Deutsche Bank to cut 440 jobs in Ireland amid ongoing global reform


Deutsche Bank plans to cut 440 jobs in Dublin, equivalent to nearly three-quarters of its employees and contractors in Ireland, as the unit is belatedly caught in a massive global job cut announced by the German group in 2019, according to sources.

The group, headquartered in Frankfurt, said in a statement Tuesday that it plans to “relocate just under 250 positions from Dublin to other centers around the world” in order to streamline functions in fewer locations .

The bank said it would “significantly reduce its workforce of subcontractors in Ireland during the year following the natural completion of a number of projects”. It is understood that the subcontractors represent 200 of its approximately 600 Irish employees.

Sources said 160 of the current roles will continue to exist after the restructuring, suggesting that more than 90 percent of entrepreneur roles will disappear.

However, the bank said it plans to add 35 front office positions over the summer to its Irish corporate banking and data and innovation lab units, bringing the total number of employees. about 200 in Dublin.

Deutsche Bank, founded in 1870, has had a presence in Ireland since 1991, primarily in the area of ​​Global Banking Transactions (GTB), which covers cash management, trade finance, treasury, trust and securities services for clients. global customers.

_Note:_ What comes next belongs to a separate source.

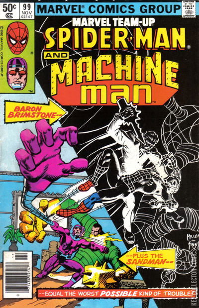 AND MACHINE MAN MAKES 3 Bored with preparing for the next day's tutorial, Peter Parker decides to don his Spider-Man costume and web-swing out over the city. Meanwhile, at Ryker's Island Prison, two guards watch with amusement as the Sandman struggles to escape from a "flowing plexiglass bubble" designed by Reed Richards. Quite transparent, the elastic bubble easily withstands The Sandman's strongest blows while containing all of his body's sand grains. Making his rounds in another section of the prison, a guard named Grant Stevens passes by the cell of Machine Man's old enemy, Baron Brimstone. A skillful illusionist, Brimstone quickly hypnotizes Stevens into releasing him and accompanying him to the property office. There Brimstone exchanges his prison clothing for his magician's costume. A few moments later, much to the surprise of the onlooking guards, Brimstone emerges from a puff of smoke in the Sandman's cell. Stunning the guards with energy bolts, the red-bearded criminal greets the astonished Sandman. When one of the guards pulls out his pistol, Brimstone disables him with another energy blast. Then he hurriedly requests the Sandman's aid in a "matter of personal vengeance," and the Sandman quickly agrees.�� A gesture from the magician causes the Sandman's plexiglass bubble to vanish, and the two criminals teleport away in another puff of smoke. Seconds later, they materialize in front of Brimstone's huge Upper Westchester mansion. Brimstone's display truly impresses the Sandman, and Brimstone declares that he has become reasonably competent in the mystic arts after years of study. Yet, he continues, he also uses advanced technology when necessary. The Sandman can see the teleportation device strapped to Brimstone's back when Brimstone removes his cape. When he asks whom Brimstone wants destroyed, the magician explains that Machine Man recently disrupted a highly profitable enterprise of his and so must pay for his impertinence. Then he remarks that Machine Man seemed inordinately fond of a Delmar Insurance Company file clerk named Pamela Quinn, and the Sandman immediately suggests kidnapping the woman to bait their trap. Together, gloats Brimstone, they will destroy the Machine Man. The next morning, as Peter heads to class at Empire State University, he hears a radio bulletin about the Sandman's escape. At the same time, in an East Side apartment, psychologist Peter Spaulding asks his roommate, Machine Man, whether he has heard the news. Yes, he replies as he attaches his human face to his head, his internal monitors picked up the bulletin. Thus disguised as Aaron Stack, he leaves for work, knowing that Baron Brimstone will find him before too long.�� Several hours later, at the Wall Street headquarters of Delmar Insurance, Eddie Harris approaches Pamela Quinn with another get-rich-quick scheme. He has learned from his "financial advisers" that a certain football quarterback is going to deliberately lose his game, and he says they can "clean up" on the point spread. Pamela quickly declines, and Harris is equally unsuccessful with Aaron Stack. Seconds after the disappointed Harris departs, Baron Brimstone and the Sandman emerge from a puff of smoke in the middle of the office. Delmar's employees run for cover as the two criminals search for Pamela, wreaking havoc. The Sandman soon spots her, but Stack warns her to duck under a desk and then leaps at the criminal. A powerful punch hurls Stack through two walls, and when he comes to rest beside the building's outer wall, he quickly changes into Machine Man.�� Just then Spider-Man web-swings by. When his spider-sense tingles, he crashes through the Delmar office window and dives toward the Sandmanjust as Machine Man attacks from the opposite side. The Sandman ducks and Spider-Man and Machine Man collide. Seeing Spider-Man, Brimstone recommends a strategic retreat, and the Sandman, having snatched Pamela in the meantime, orders Brimstone to teleport them out of there. This the magician does, though he is not pleased that the Sandman has started issuing commands. Each criminal silently promises himself to get rid of his partner at the first opportunity. As the Baron raises his smokescreen, Spider-Man recovers and sticks a spider-tracer to Pamela's dress. Machine Man tries to grab the criminals with his extended arms, but he is too late, and they and their victim vanish. Spider-Man and Machine Man, never having met before and knowing of one another only through unfavorable newspaper accounts, regard each other with suspicion. Then Spider-Man punches the mechanical man in the jaw, Machine Man retaliates with a punch of his own, and they start to battle. Machine Man tries to defeat Spider-Man to get him to listen to reason, and Spider-Man tries to disable Machine Man so he will not be a threat.�� They are, however, very evenly matched, and the battle continues for some time. Machine Man's internal heating units melt away Spider-Man's webbing, and Spider-Man's agility keeps him out of reach of Machine Man's extendable appendages. Then the telephone rings and Eddie Harris rushes from his hiding place to answer it, hoping that the caller is his football tipster. Machine Man hauls Eddie out of the way and at the same time punches Spider-Man, who lands on the telephone and shatters it, much to Eddie's chagrin. Then the robot wraps Spider-Man up in his arms. Noting that he could easily crush Spider-Man to a pulp if he chose to, Machine Man instead lets him go to prove his good intentions. This convinces Spider-Man, and he quickly apologizes for the trouble. Then the police arrive. Not wanting to become entangled with the law, the two crime-fighters agree to meet in a safer place, smash through the window and escape. A few minutes later, as Spider-Man hangs by a web-line from the cornice of a nearby building, he explains that he lost contact with his spider-tracer when Brimstone vanished. Machine Man quickly analyzes a duplicat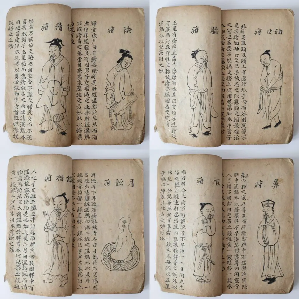 Fascinating antique traditional Chinese medicine manuscript, meticulously handwritten and illustrated. Based on ‘Waike qixuan’ 外科啟玄 (‘Mysteries of External Ailments/Secrets of External Diseases’) by Shen Gongchen 申拱辰, originally published in 1604. Title is partially visible on the right edge of the first page from the back (see the last photo). Contains 85 pages with 82 illustrations, explaining origins of numerous ailments and how to treat them. Likely a late Qing dynasty example. Book measures approximately 20.2×12.5 cm.

The number of employees in Dublin has doubled over the past decade with the expansion of its GTB and global technology and operations centers in Ireland.

“We understand that the proposed plan will cause uncertainty and concern among affected colleagues, and we are committed to supporting them throughout the consultation process,” said Mary Campbell, Country Director of Deutsche Bank Ireland. “Deutsche Bank Ireland said Dublin will continue to be an important center for the bank.”

Restructuring

Sources said in July 2019, as Deutsche Bank announced it was cutting 18,000 jobs – or 20% of its then global workforce – by 2022, that the cuts in Dublin would be minimal. The banking giant, led by chief executive Christian Sewing for three years, has gone through a series of restructuring programs over the past decade.

German banks led a wave of European lenders who established Irish wholesale banking subsidiaries during the 1990s as the International Financial Services Center (IFSC) took off.

However, over the past decade, most German banks, including DZ Bank, Helaba and Commerzbank, surrendered their Irish licenses to the Central Bank, as their parents sought to free up ‘trapped’ capital in various subsidiaries and streamline their own organizations.

Depfa Bank, the German-born lender that moved its headquarters to Dublin in 2002 before falling victim to the financial crisis, has been in liquidation since 2014.

In March, Irish bank EAA Covered Bond Bank, once part of German lender WestLB, which collapsed during the financial crisis, gave up its banking license after an unsuccessful attempt to sell the business one year ago.